Forgive me, but this just sounds silly.

<knock knock>

"Yes?"

"Sir, my cub scout troop is collecting groceries and used clothes for the needy. Would you like to donate?"

"Well, first let me discuss with you the blatant discrimination and bigotry of the organization you belong to! Did you know the Boy Scouts of America discriminates against atheists and homosexuals?"

"DAAADY! That man talked about SEX with me!"

I agree with others; take it to the adults. Adult strangers haranguing children about the organization they belong to is simply not the best way to go about solving the problem, whether it is appropriate or not.

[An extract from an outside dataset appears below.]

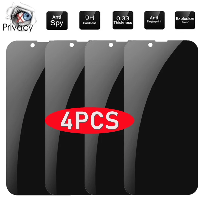 Protector de pantalla antiespía para iPhone, cristal templado de privacidad para iPhone 14 11 12 13 Pro Max 7 8 14Plus, 11 12Mini X XR XS MAX, 4 unidades

I don't think in this case it is appropriate for a stranger to "discuss" (lecture, really) such an issue with a child. If someone did this to my son, the next discussion would be between me and him.
How about:

"I refuse to support a group that practices and promotes bigotry against innocent people. As an athiest I am not able to even be a volunteer for the boy scouts, despite the fact I am an engineer, have an advanced degree, have years of experience in the corporate world, have my Professional Engineer's liscence. I have no more respect for a religious bigotry than I have for a racial bigotry."

By and large the BS members here interacting with the public are not the 6/7 year old variety, but young teens.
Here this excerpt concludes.